Invasão do aeroporto de Lisboa para "fugir a espíritos" vale cadeia a holandês

Gima Calunga foi sentenciado a três anos e meio pelo Tribunal da Relação de Lisboa, mas já cumpriu dois anos e oito meses de prisão preventiva.

Foto
O arguido tinha sido encontrado agarrado a um trem de aterragem de um avião prestes a descolar para Luanda. Manuel Roberto / Publico

O holandês nascido em Angola que invadiu em 2014 a pista do aeroporto de Lisboa, munido de uma faca de cozinha, viu o Tribunal da Relação de Lisboa confirmar parte da sentença que o condenou pelo crime de atentado à segurança de transporte aéreo. Gima Calunga foi sentenciado a três anos e meio de prisão, noticiou o Expresso e confirmou o PÚBLICO junto do seu advogado, Bruno Gomes — menos um ano do que tinham decidido os juízes de primeira instância.

O arguido está em prisão preventiva há já dois anos e oito meses — tempo que será agora descontado da pena a cumprir — depois de ter sido encontrado agarrado ao trem de aterragem de um avião prestes a descolar para Luanda. Admite ter estado na Síria, mas não para se juntar ao autoproclamado Estado Islâmico, como dizia a acusação do Ministério Público, e sim para ajudar refugiados. Porém, alega nunca os encontrou. Quando percebeu que numa das casas que visitou naquele país havia “homens sexuais”, resolveu regressar à Holanda — até porque essa era também a vontade dos homens armados com quem passou a sua estadia na Síria, explicou em tribunal.

Sempre justificou o facto de se ter introduzido num local vedado ao público, a pista do aeroporto, com a necessidade de fugir a “espíritos” que o “perseguiam”. Bruno Gomes explica que o Tribunal da Relação revogou a condenação da primeira instância no que à detenção de arma proibida diz respeito, uma vez que se tratava de uma faca com fins culinários.

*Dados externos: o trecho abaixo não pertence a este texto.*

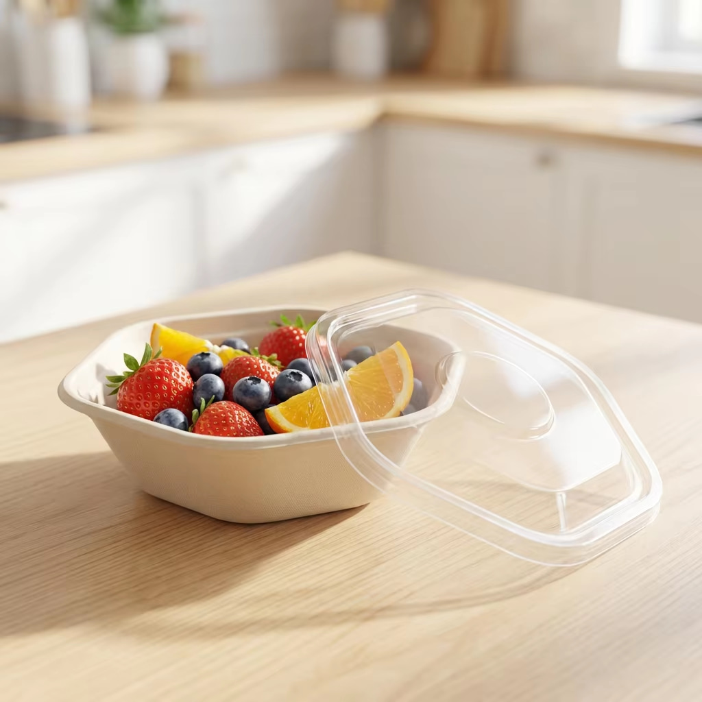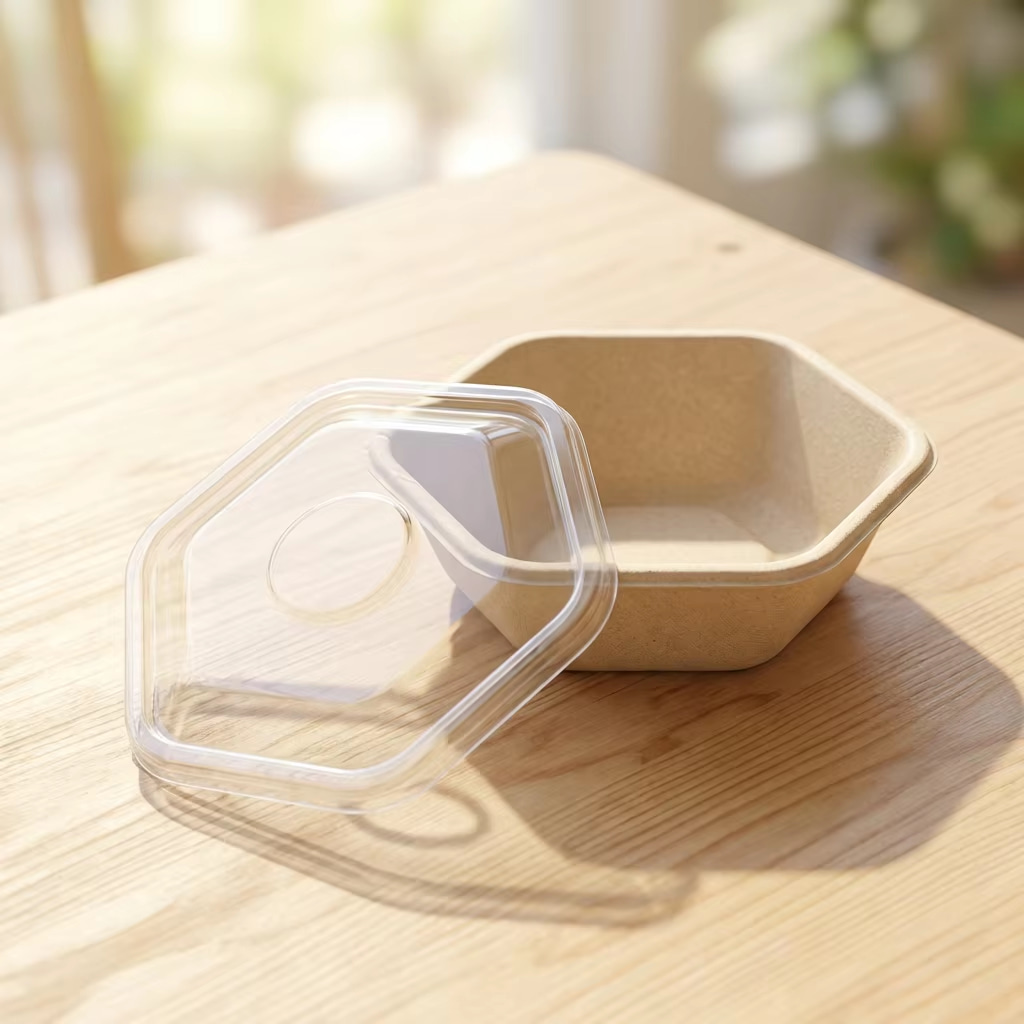 Tapa de plástico PET transparente para recipiente hexagonal de bagazo de caña de azúcar de 750 ml

Já no que concerne ao crime de terrorismo, o holandês havia sido ilibado destas suspeitas logo no primeiro julgamento, apesar das desconfianças do Ministério Público. Essas dúvidas são bem patentes no recurso que apresentou da sentença inicial, onde defende que devia ter ficado provado em tribunal que Gima Calunga se ofereceu como voluntário para integrar "fileiras de grupos radicais reconhecidos internacionalmente como ligados a actividades terroristas que prosseguem a luta armada para derrubar o governo sírio", tendo ainda "sido recebido por elementos de um grupo radical designado por Isis".

Segundo esta tese, o arguido teve duas semanas de treino militar em campos jihadistas e foi-lhe confiada a missão realizar um ataque terrorista ao aeroporto de Lisboa. Porém, se esta teoria não convenceu os juízes, também a da ida à Síria por questões humanitárias não lhes mereceu credibilidade. Um diário apreendido a Gima Calunga fala em "duas semanas de treino" na Síria. Foi para se poder gabar aos amigos, justificou em tribunal. Na realidade, e segundo a sentença de primeira instância, o mais provável é ter estado com civis armados que tentavam defender as suas casas e aldeias de ataques militares. 

Perante as justificações ligadas ao universo do sobrenatural, apurar a sanidade mental do suspeito foi uma das tarefas a que se propôs a justiça portuguesa. Até porque no ano em que invadiu o aeroporto lhe tinham sido encontradas, na casa onde morava na Holanda, garrafas contendo vinagre, benzina e lixívia. Seriam explosivos? Não: questionado pelas autoridades, respondeu ser praticante de vodu e guardar o ar de pessoas nas garrafas. Os juízes encontram uma explicação bem mais prosaica para o sucedido: teria o chamado vício do snifador, habituara-se a inalar substâncias químicas. 

Apesar de tudo, as peritagens psiquiátricas concluíram que o holandês não padecia de qualquer doença deste foro e que tinha as suas capacidades cognitivas intactas.